YOUR ASSIGNMENT:
A faithful copy of the data is what is wanted, minus any pictures.
::: DATA PROVIDED :::
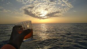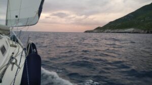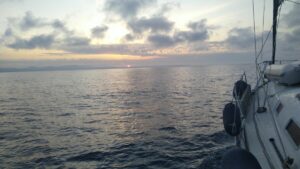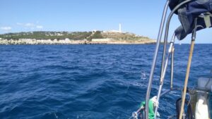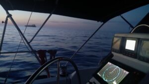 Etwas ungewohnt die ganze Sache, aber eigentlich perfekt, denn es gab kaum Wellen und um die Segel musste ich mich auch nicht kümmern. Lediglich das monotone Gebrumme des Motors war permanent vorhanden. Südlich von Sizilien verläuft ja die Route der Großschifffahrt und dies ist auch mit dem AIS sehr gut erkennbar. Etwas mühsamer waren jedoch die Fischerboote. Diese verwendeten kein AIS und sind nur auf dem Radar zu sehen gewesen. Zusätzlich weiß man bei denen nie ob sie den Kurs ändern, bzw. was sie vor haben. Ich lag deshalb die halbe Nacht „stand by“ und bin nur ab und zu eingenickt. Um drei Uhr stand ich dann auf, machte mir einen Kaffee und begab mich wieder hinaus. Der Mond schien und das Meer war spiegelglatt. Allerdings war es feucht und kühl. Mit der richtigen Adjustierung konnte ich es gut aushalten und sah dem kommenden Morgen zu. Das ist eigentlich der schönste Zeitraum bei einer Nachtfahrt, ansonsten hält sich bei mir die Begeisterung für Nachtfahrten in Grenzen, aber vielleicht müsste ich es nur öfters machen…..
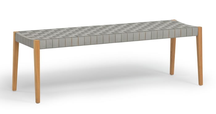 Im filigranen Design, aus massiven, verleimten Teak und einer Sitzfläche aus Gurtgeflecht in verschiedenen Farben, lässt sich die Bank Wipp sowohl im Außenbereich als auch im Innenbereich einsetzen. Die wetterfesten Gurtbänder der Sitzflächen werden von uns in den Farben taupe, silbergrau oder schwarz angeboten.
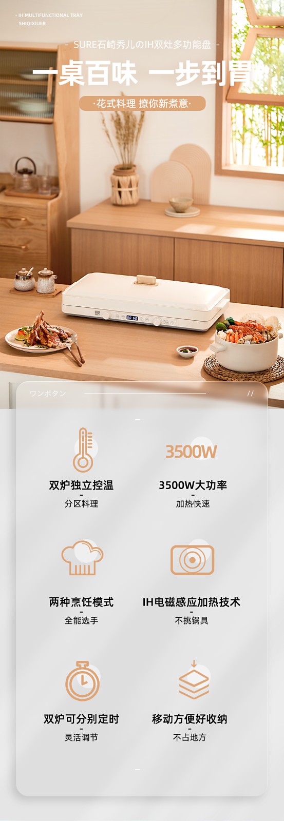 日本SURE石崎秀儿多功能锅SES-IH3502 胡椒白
:::
SOLUTION FOR THIS PROBLEM:
 Etwas ungewohnt die ganze Sache, aber eigentlich perfekt, denn es gab kaum Wellen und um die Segel musste ich mich auch nicht kümmern. Lediglich das monotone Gebrumme des Motors war permanent vorhanden. Südlich von Sizilien verläuft ja die Route der Großschifffahrt und dies ist auch mit dem AIS sehr gut erkennbar. Etwas mühsamer waren jedoch die Fischerboote. Diese verwendeten kein AIS und sind nur auf dem Radar zu sehen gewesen. Zusätzlich weiß man bei denen nie ob sie den Kurs ändern, bzw. was sie vor haben. Ich lag deshalb die halbe Nacht „stand by“ und bin nur ab und zu eingenickt. Um drei Uhr stand ich dann auf, machte mir einen Kaffee und begab mich wieder hinaus. Der Mond schien und das Meer war spiegelglatt. Allerdings war es feucht und kühl. Mit der richtigen Adjustierung konnte ich es gut aushalten und sah dem kommenden Morgen zu. Das ist eigentlich der schönste Zeitraum bei einer Nachtfahrt, ansonsten hält sich bei mir die Begeisterung für Nachtfahrten in Grenzen, aber vielleicht müsste ich es nur öfters machen…..
 Im filigranen Design, aus massiven, verleimten Teak und einer Sitzfläche aus Gurtgeflecht in verschiedenen Farben, lässt sich die Bank Wipp sowohl im Außenbereich als auch im Innenbereich einsetzen. Die wetterfesten Gurtbänder der Sitzflächen werden von uns in den Farben taupe, silbergrau oder schwarz angeboten.
 日本SURE石崎秀儿多功能锅SES-IH3502 胡椒白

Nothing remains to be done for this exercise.